As if it hadn’t done enough already, ChatGPT has somehow made dating even worse. A close acquaintance recently told me that she spent a night with a man, and in the morning proposed they get breakfast together. He pulled out his phone, opened ChatGPT, and asked for restaurant suggestions. Why build a relationship with someone who delegates decisions, including the fun ones like choosing where to eat? If someone is so unmotivated they’ll consult ChatGPT to plan a first date, imagine how minimal effort they’ll spend six months in.

It’s difficult to see myself establishing a significant relationship with a person who consistently uses a tool that erodes concentration and might lead to societal collapse. Intellectual curiosity, originality, originality – I probably won’t find what I value in someone who believes “productivity” means asking an app to summarize a movie plot so they don’t have to spend their time, you know, watching it.

Ask yourself if your [dating] choice is really supporting your future goals.

According to Ali Jackson, a New York-based dating coach, she may use ChatGPT for specific purposes but is not promote it. In the past six months or so, she states “every one” of her clients has come her complaining about “chatfishing” or people who use AI to generate everything on their dating apps – all the way down to the DMs they send. I asked Jackson if my strike against ChatGPT users was too strict. She said no, proceed and evaluate, though it might reduce my dating pool – about 10% of the adult population now utilizes the tech.

“Ask yourself if your choice is really supporting your long-term goals,” Jackson said. “In your case, I would presume that’s one of your principles, and it’s essential to find someone whose values are aligned with yours.”

More People Expressing AI Concerns.

Other people experience the AI ick, and not just when it comes to dating. Ana Pereira, 26, resides in Brooklyn and does sound for various live music venues across the city. She fantasizes about accessing her phone settings and deactivating AI features on all her apps, though tech platforms from Google to Spotify make it almost impossible to opt out. Pereira thinks that using ChatGPT “demonstrates such a lack of initiative”.

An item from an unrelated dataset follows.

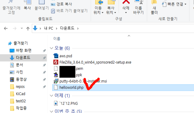 그리고 내컴퓨터에서 생성한 php파일을 하나 업로드 해보도록 하자!
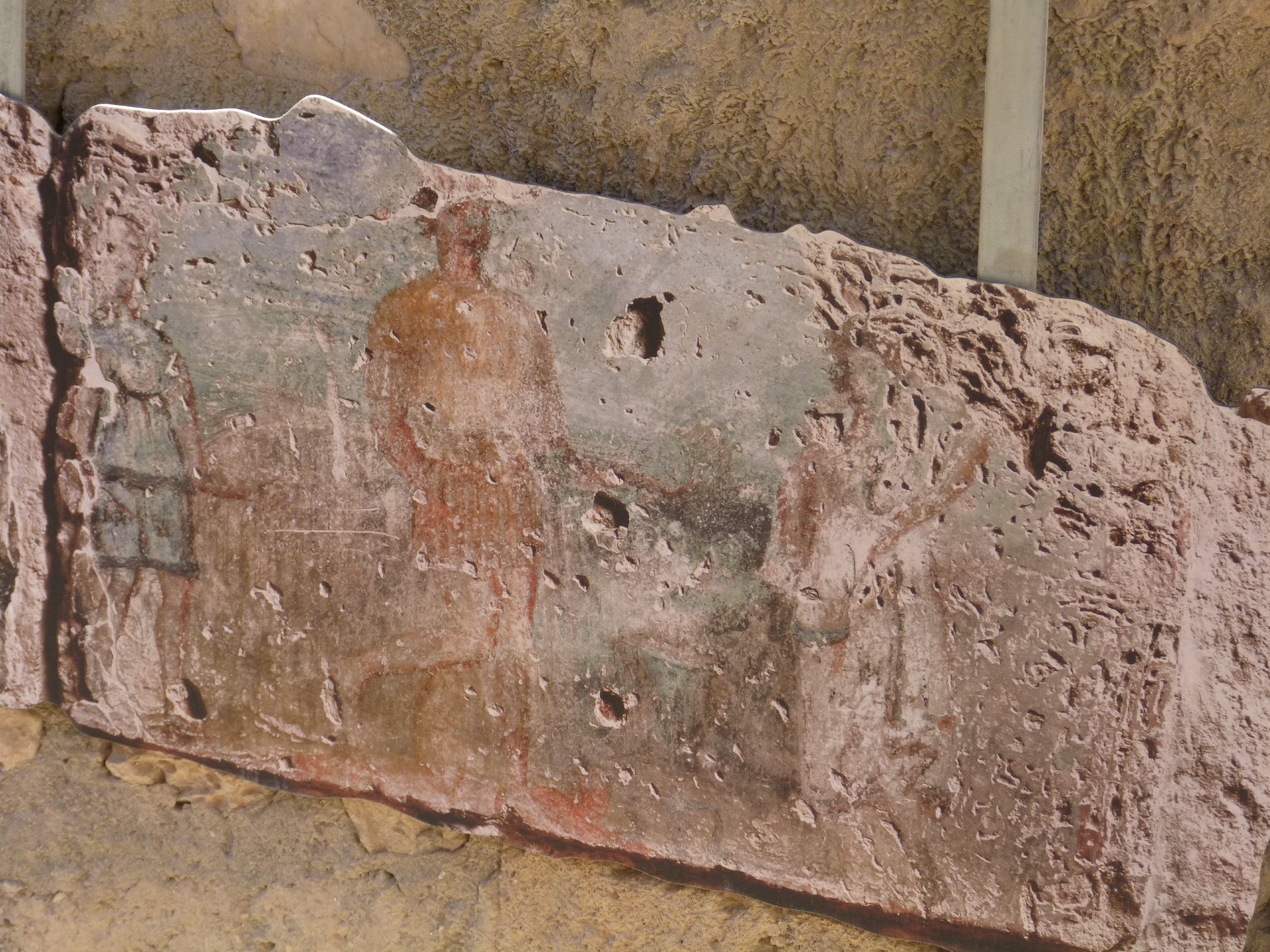2. En un dels fossars, més al Nord, es conserva una interessant pintura que és una ofrena a Nèmesi, la patrona dels gladiadors (reproducció, l'original és al museu Arqueològic).

“It’s like you are unable to think for yourself, and you have to depend on an app for that,” she said.

Two of Pereira’s friends recently had a complicated breakup. She sided with one of them after discovering the other turned to ChatGPT, a infamously awful therapy substitute, not their partner, when they wanted to talk about their feelings. “It’s like they refused to endure any difficult human feelings,” she said. “They just wanted to process something and continue, which is not how things work.”

Suddenly I couldn’t do it by myself. I was too reliant on AI to do the simplest things [at work].

Richard Barnes, who is 31 and works as a marine biologist and restaurant server in Hawaii, is likewise skeptical. “I don’t know if I would think otherwise about someone who uses ChatGPT, but I would be like, ‘come on,’” he said. “You don’t need to depend on it to make a grocery list. Your life is likely not that hard. We can make the list together.”

Celebrity and Tech Backlash.

When director Guillermo del Toro said he would “prefer death” than use generative AI, it made headlines. Similarly, SZA’s Instagram stories rant against the tech warning about “environmental racism” and expressing fear over users who are “codependent on a machine”. The same goes for when Simu Liu, Alison Roman, Céline Dion, Emily Blunt, and others issued statements that are critical of AI in their various industries. I think these quotes spread widely for a cause: people agree with them.

This attitude is present even among those in the tech sector. Last month, Pinterest introduced a filter that lets users turn off AI content. Meta lets users mute, but not entirely deactivate, comparable slop on Instagram. Reports suggested that “cursor resistance” is on the rise, as some Silicon Valley professionals refuse to use AI to write their code.

{Luciano Noijeen, a lead software engineer working in Greece and the Netherlands, told me that he eagerly used AI in the past to write or enhance his coding.|According to Luciano Noijeen, a {lead|

Ashley Romero
Ashley Romero

A seasoned gaming analyst with over a decade of experience in casino operations and digital entertainment trends.